Web crawling / Graph traversal
Andy Novocin
Daily Challenge
Given an undirected graph give an algorithm to convert from:
a) Adjacency Matrix to Adjacency List
Daily Challenge cont.
b) From Adjacency List to Incidence matrix. An Incidence matrix is a \( |V| \times |E| \) matrix where \(M[i,j] = 1\) if vertex \(i\) is part of edge \(j\) (for some edge numbering system).
Daily Challenge cont.
c) From incidence matrix to adjacency list.
Pedagogical Reminder
The only way to progress in a STEM subject is through wrestling with concepts.
You can fake it for a long time thanks to the internet... slow down and build skill.
Graph Traversal
We want to visit every node (every edge).
How do we avoid returning to old places?
How do we do this efficiently?
Breadcrumbs
Three states:
Undiscovered (starting state)
Discovered (seen once from somewhere)
Processed (completely drained of data)
Properties
A winning algorithm here must be:
Systematic
Efficient
What's wrong with right hand on the wall?
Today BFS next time DFS
BFS = Breadth-First-Search
DFS = Depth-First-Search
Same outcome, completely different applications
Pseudo-code
BFS(G,s):
for v in G.V:
v.state = "undiscovered"
v.parent = NULL
s.state = "discovered"
s.d = 0
Q.enqueue(s)
while not Q.isEmpty:
u = Q.dequeue()
//TODO: process u here
for v in u.neighbors:
//TODO: process edge (u,v) here
if v.state == "undiscovered":
v.state = "discovered"
v.parent = u
v.d = u.d + 1
Q.enqueue(v)
u.state = "processed"
ICU1: BFS(G,a) vs BFS(G,i);
ICU2
How many times is each edge visited?
What is the complexity of BFS?
As a vehicle for riding the rails
Many algorithms are just traversal algorithms with extra processing.
When you discover a vertex feel free to call a vertex sub-routine.
When you know a vertex and a parent then call an edge sub-routine.
When you are done with a vertex you can call a clean-up function.
Subtle Points (parent)
Parent is not well defined on a graph.
Our traversal creates a parent to children relationship
We've converted the graph into a tree.
ICU3: Tree from a; Tree from i
Subtle Points (queue)
If we merely change our data container from Queue to Stack we get Depth-First-Search.
We rely on the ordering of FIFO to get some unique properties
Subtle Points (bit arrays, properties, or other)

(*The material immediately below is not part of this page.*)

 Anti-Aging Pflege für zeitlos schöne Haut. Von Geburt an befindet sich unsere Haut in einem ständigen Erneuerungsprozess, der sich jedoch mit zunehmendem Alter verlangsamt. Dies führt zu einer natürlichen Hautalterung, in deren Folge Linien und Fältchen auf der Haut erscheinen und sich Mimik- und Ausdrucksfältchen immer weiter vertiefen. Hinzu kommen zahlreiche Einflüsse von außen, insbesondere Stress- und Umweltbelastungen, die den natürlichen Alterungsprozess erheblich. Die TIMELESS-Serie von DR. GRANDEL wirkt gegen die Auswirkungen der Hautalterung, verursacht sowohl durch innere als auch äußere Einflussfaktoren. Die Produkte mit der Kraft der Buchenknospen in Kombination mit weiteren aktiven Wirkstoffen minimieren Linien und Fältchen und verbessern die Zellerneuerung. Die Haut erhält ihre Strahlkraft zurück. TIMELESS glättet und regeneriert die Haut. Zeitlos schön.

If you choose the wrong way of "coloring" the points you lose speed.
BFS tree == Shortest Path?
Work from leaf to root using parent
pointers.
This gives a backwards path.
I claim it is the shortest path between the two.
Reason: BFS works radially
I will process all of the vertices of distance 1.

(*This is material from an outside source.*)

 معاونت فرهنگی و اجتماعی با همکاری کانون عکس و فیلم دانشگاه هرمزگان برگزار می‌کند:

The nodes which are discovered after them must not have been distance 1.
If they are one away from distance 1 then they must be distance 2.
Limitations
Only works when you start BFS from one of the two points.
So far, only works when unweighted.
Quick exercise: Use our tree to get shortest_path from \(a\) to \(f\).
Connected Components
Can I get from every vertex to every other vertex?
Visually, this seems simple (undirected).
Important question (power grids, emergency traffic redirect, google maps)
Doable with BFS
c = 0
for v in vertices:
if v.state == "undiscovered":
c += 1
BFS(G,v) // component c
ICU4 Can this be two-colored?
Bipartite Graph Detection
for v in vertices:
v.color = "none"
s = vertices[0]
s.color = "color1"
bipartite = True
BFS(G,s) //using extra sub-routines
def process_edge(u,v):
if (u.color == v.color):
bipartite = False
v.color = opposite_color(u.color)